Litigation Finance Primer: Part 6
Editor’s Note: This article is the sixth in a series forming a litigation finance primer for parties new to the space. For the first article in the series, click here.
Exceptions to the doctrine prohibiting champerty are not new. The first commonly allowed exception to champerty cam very early on in United States History with attorneys being allowed to represent people seeking monetary damages on what is called a contingency basis.
A contingency basis agreement means that the attorney has agreed to forego all payment for representation unless and until such time as the case has a favorable outcome or settlement. After the judgment or damages are awarded the attorney receives an agreed upon amount generally a third but sometimes as much as half. While legislation allowing such agreements is new and looked upon with suspicion in many jurisdiction the United States has allowed such arrangements for more than 100 years.

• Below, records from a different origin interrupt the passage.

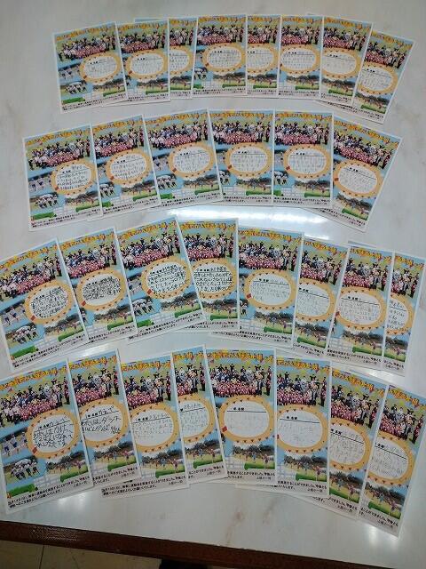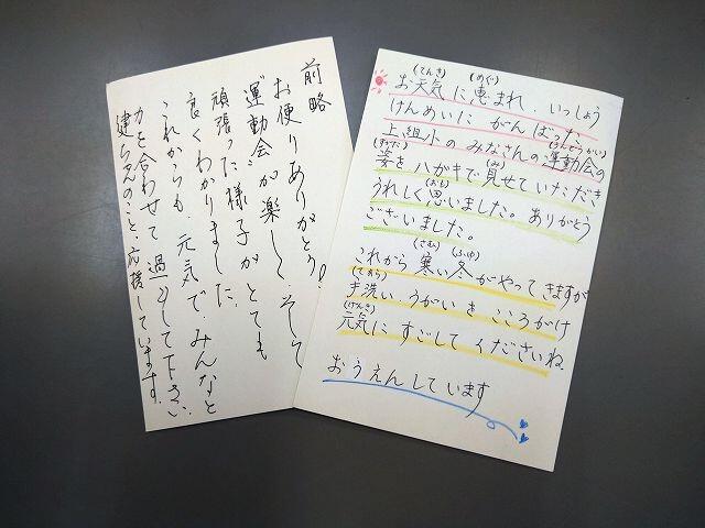 運動会プロジェクトで「地域の方々に元気と笑顔を届けよう」と運動会で来賓としてお呼びする方々に、先月子どもたちのメッセージが入ったはがきを送りました。そのお返事のはがきが先日学校に届きました。とても温かい言葉が書かれていて、心がほっとしました。ありがとうございました。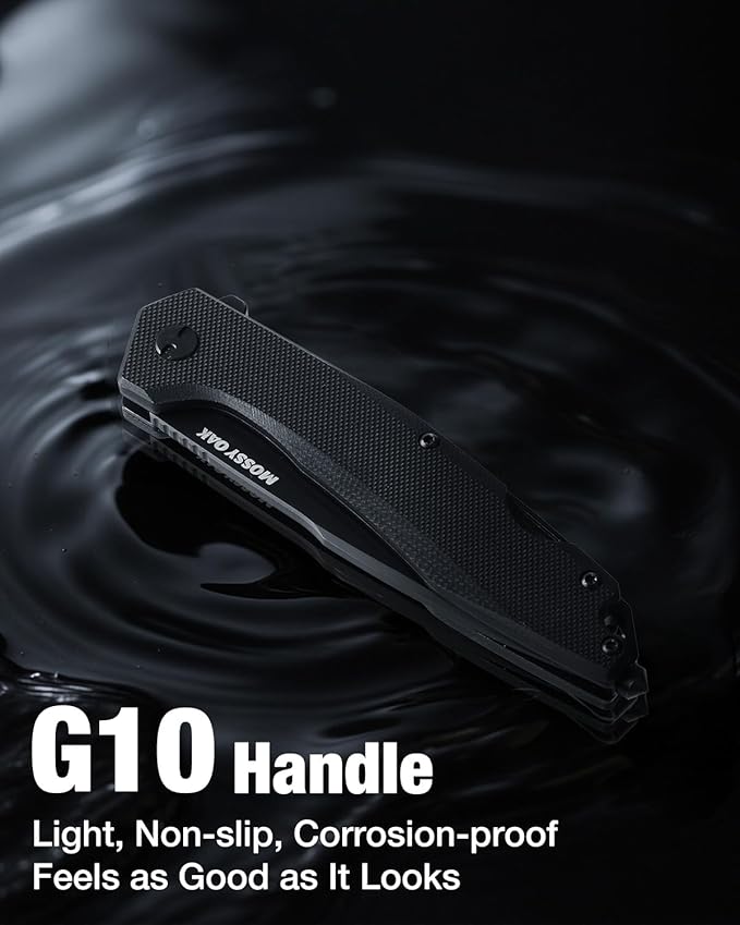 - Comfortable & Long-Lasting G10 Handle: Crafted from premium G10 material, the pocket knife's handle offers a great balance of durability and comfort. Its textured surface offers a secure, non-slip grip—even in wet or sweaty conditions—while being moisture-proof and resistant to wear and fading, making it ideal for all-weather use. Designed with both function and aesthetics in mind, this handle feels as good as it looks
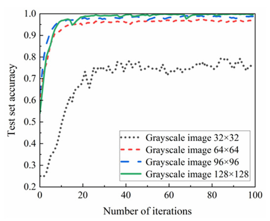 Using the same dataset from the previous section, the data of switch defects, seaming defects, damage defects, and normal states are selected to generate two kinds of grayscale images, normal state, and other state. According to the method proposed in this paper, the measured axle box vibration data set is tested. Figure 14 shows the grayscale images with 128 × 128 pixels.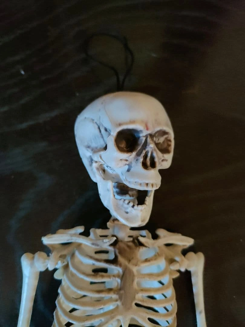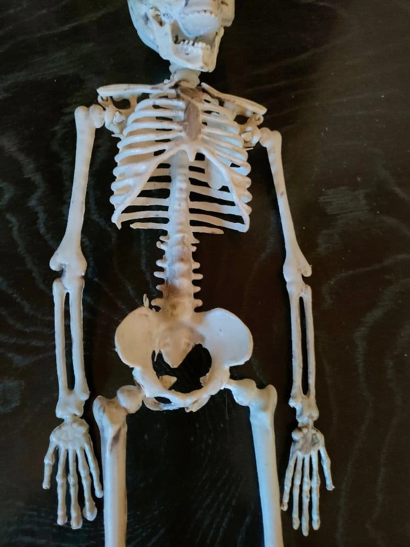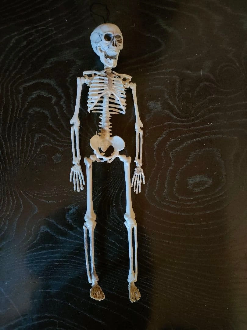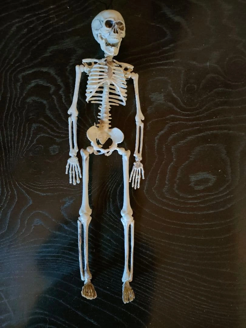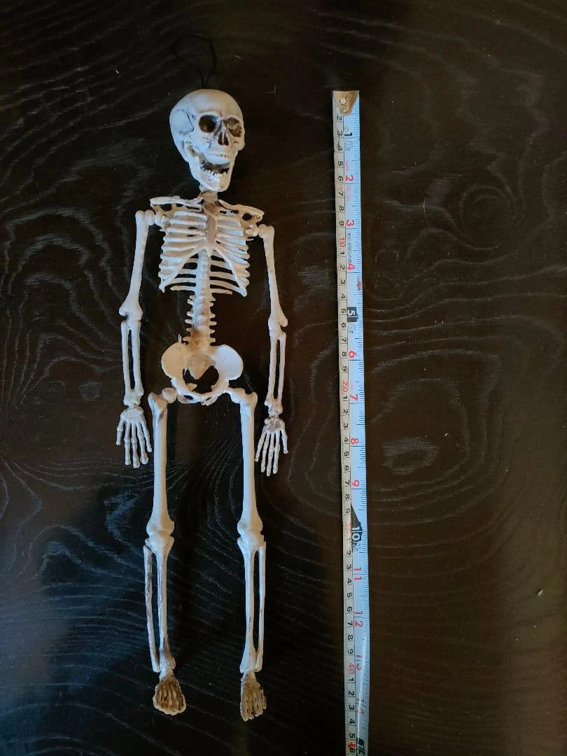 ご覧いただきありがとうございます。 骨格標本 骸骨 ストラップ付き 白  5箇所可動 (首、両足付け根) 色々な格好にできます。 足を伸ばせば40センチ近くになるかと思います。 ハロウィンの飾りにも♪ アミューズメント品・自宅保管とご理解の上よろしくお願いいたします。

Contingency fee are one of three methods commonly used for purchasing the services of an attorney in the United States. The second is a fixed fee arrangement wherein the attorney agrees to perform a specific task such as preparing or filing simple business or legal documents. The third method is that an attorney may charge an hourly fee for more complex or open ended tasks such as legal representation in a case or suit or complex advice such as that regarding taxes or contract creation.
The contingency fee is a tool by which persons of more limited means are able to gain access to legal representation and has been allowed in all 50 states in the United States. It is by far the oldest and most common form of third-party financing in the United States. Contingency fee arrangements are most commonly used by personal injury attorneys, however they are available to all practitioners and the uses for this arrangement are limited only to the imagination of the client and practitioner.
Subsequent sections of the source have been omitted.